БРУКШОУ. Ну не знаю. Конечно, мне не всегда удается точно выражать мои мысли, однако…
ДОМИНИК. Я был бы хорошим директором, Брукшоу, поверьте. Я не вульгарен, не так изуродован, как вы, мне просто… случается дурно вести себя, время от времени. Думаю, вам, Брукшоу, я, в общем и целом, противен. Как и всем неудачникам. Жаль, но тут уж ничего не поделаешь.
БРУКШОУ. Но, послушайте, Кларк…
ДОМИНИК. Ой, заткнитесь. Как вы теперь жить-то будете – без моих побоев?
БРУКШОУ. Думаю, вам пора начать укладываться.
ДОМИНИК. Да. (Долгим взглядом окидывает зал.) Постарайтесь сделать так, чтобы эти парты оставались заполненными, Брукшоу. Как правило, сластей в них больше, чем учебников. (Начинает опустошать ящик собственного стола, выгребая из него конфискованные водяные пистолеты, пластмассовых зверушек, конфеты и т. д.) И подыщите для себя на вторники и четверги какое-нибудь полезное занятие. Да, кстати, ореховую пасту оставьте себе, не думаю, что она может мне на что-нибудь сгодиться. Вряд ли она все еще съедобна.

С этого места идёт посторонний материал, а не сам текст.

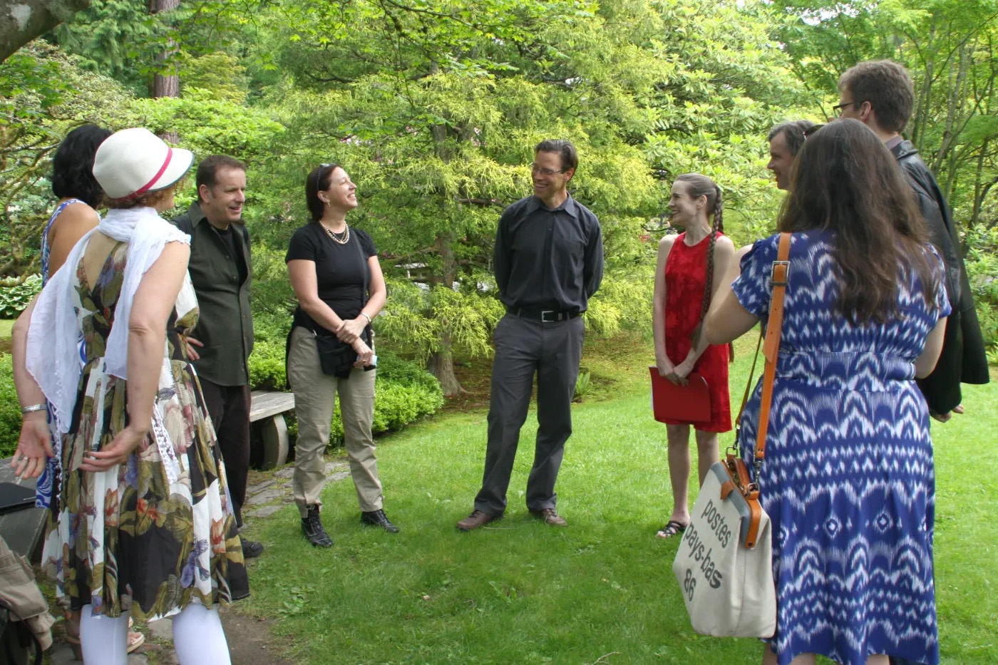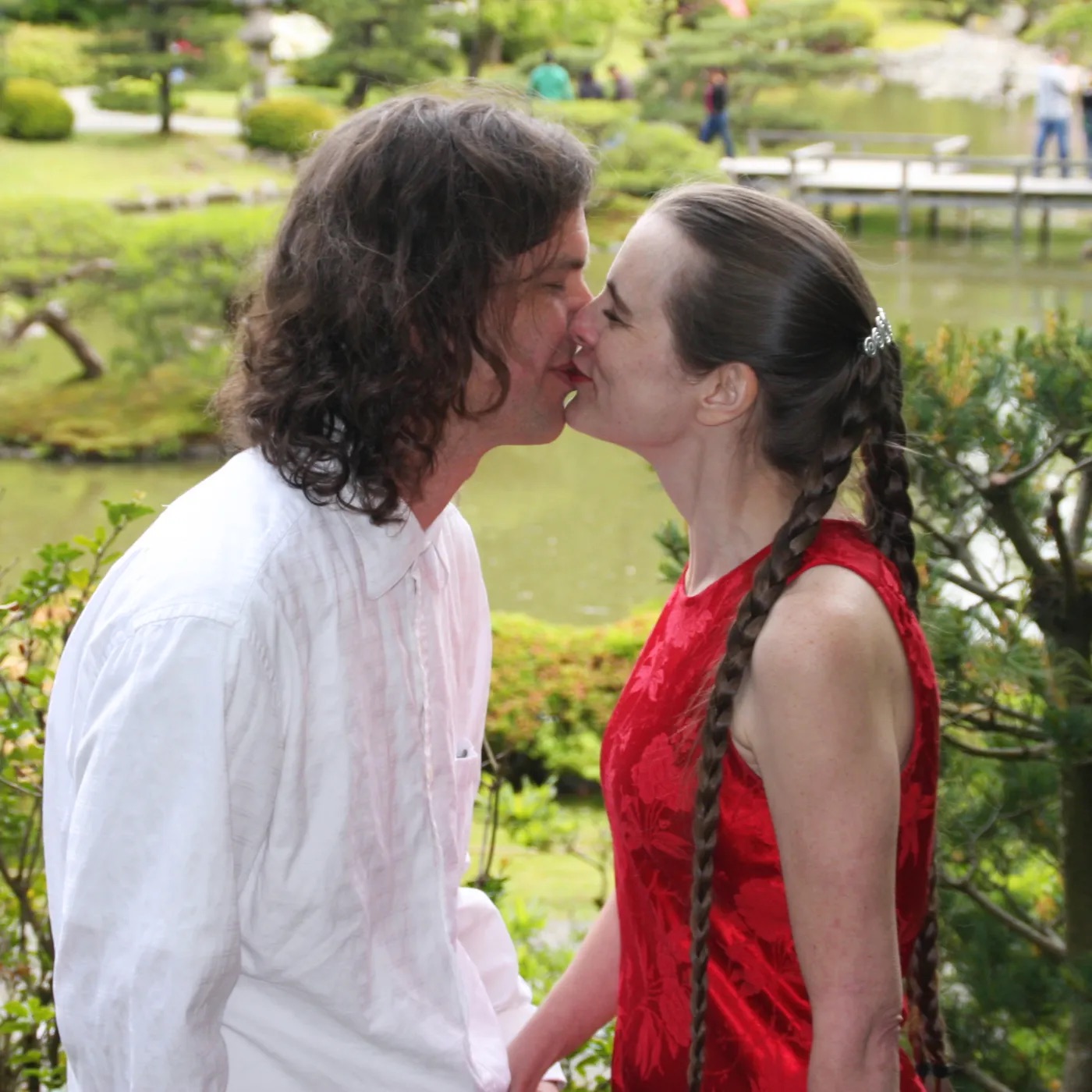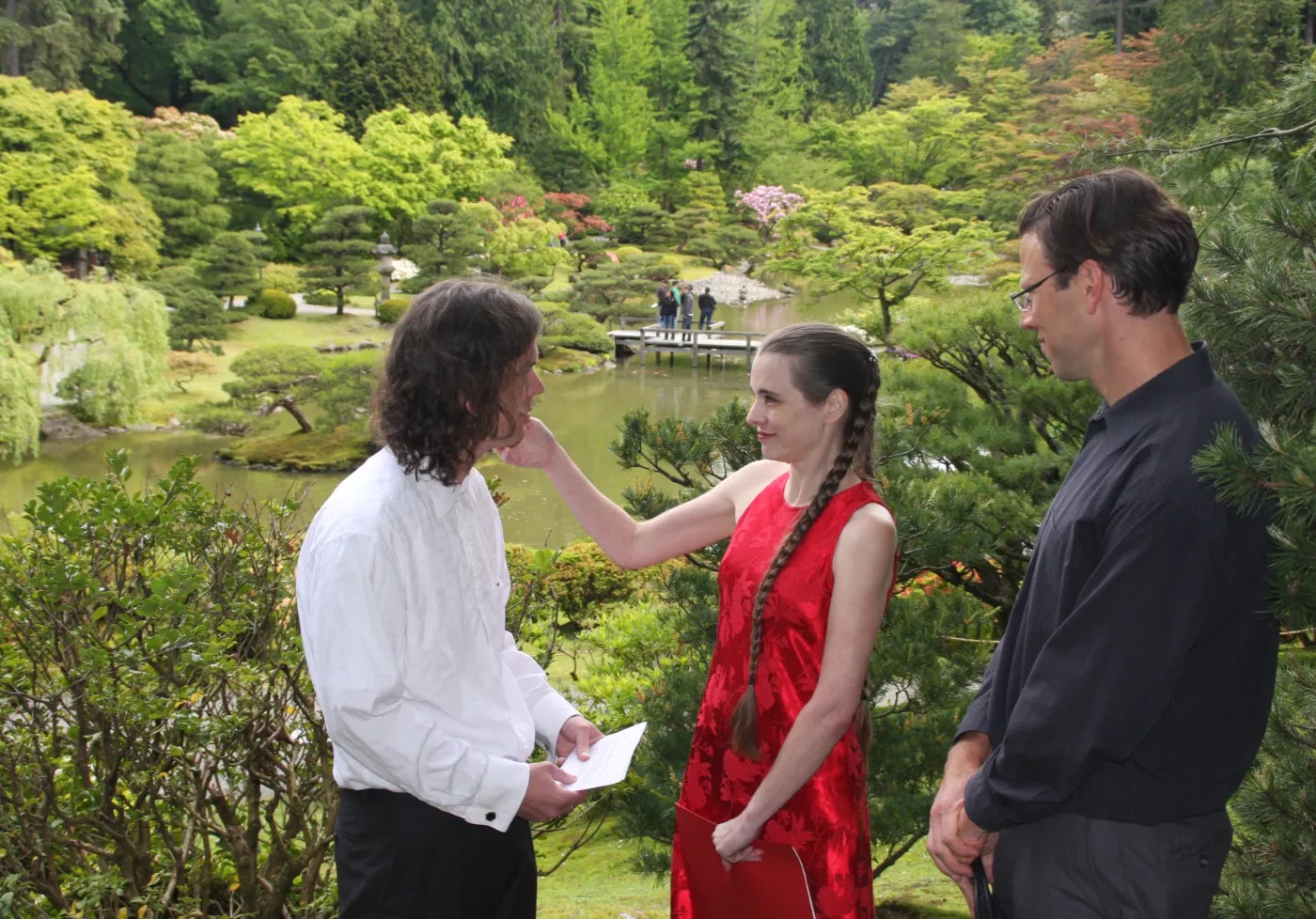 Instead we held a ‘guerrilla wedding’: we wrote our own ceremony, asked a friend to officiate, and spoke our vows in a public venue (Seattle’s Japanese Gardens) witnessed by just eight people. I wore a hand-me-down dress; Jak bought a shirt at Goodwill and borrowed cufflinks. Two of our friends took photographs.
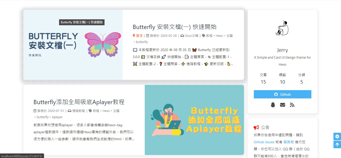 Butterfly 是 Jerry 在 hexo-theme-melody 主题的基础上进行开发,支持多种美化魔改、多功能组件及静态部署集成的 Hexo 主题。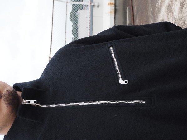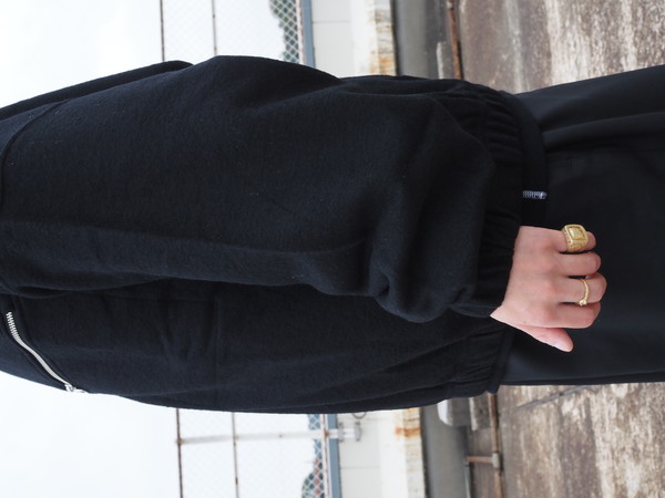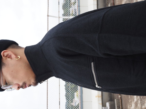 ウールブークレ糸の天竺編みを縮絨することにより作成したオリジナルファブリックを使用。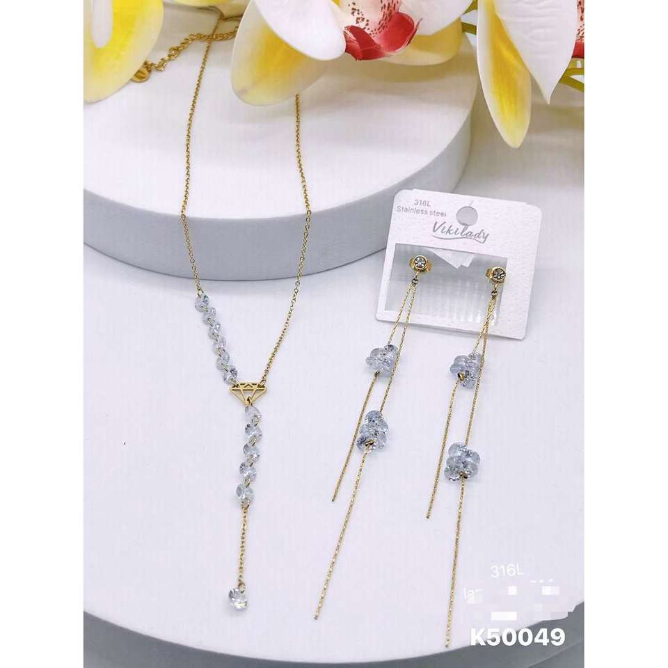 Vikilady ชุดต่างหูสร้อยคอลูกปัดคริสตัลใสมาก585ชุบทอง316L เครื่องประดับชั้นดีทำจากสเตนเลสสตีล

БРУКШОУ (чопорно). Спасибо. А вы можете оставить себе вилку для тостов.[240] (Пауза.) Ну что же, пойду звонить в Эмплфорт… э-э, всего вам доброго, и… я сочувствую вам, Доминик, но, боюсь…
ДОМИНИК. Да нет, Брукшоу, это я вам сочувствую. Ну бегите, бегите.
БРУКШОУ. Э-э… да.
БРУКШОУ выходит. Весь свет гаснет. Потом луч прожектора высвечивает сидящего за столом ДОМИНИКА. За спиной его стоит чемодан, на нем коробка конфет, украшенная инициалами «Р. К.».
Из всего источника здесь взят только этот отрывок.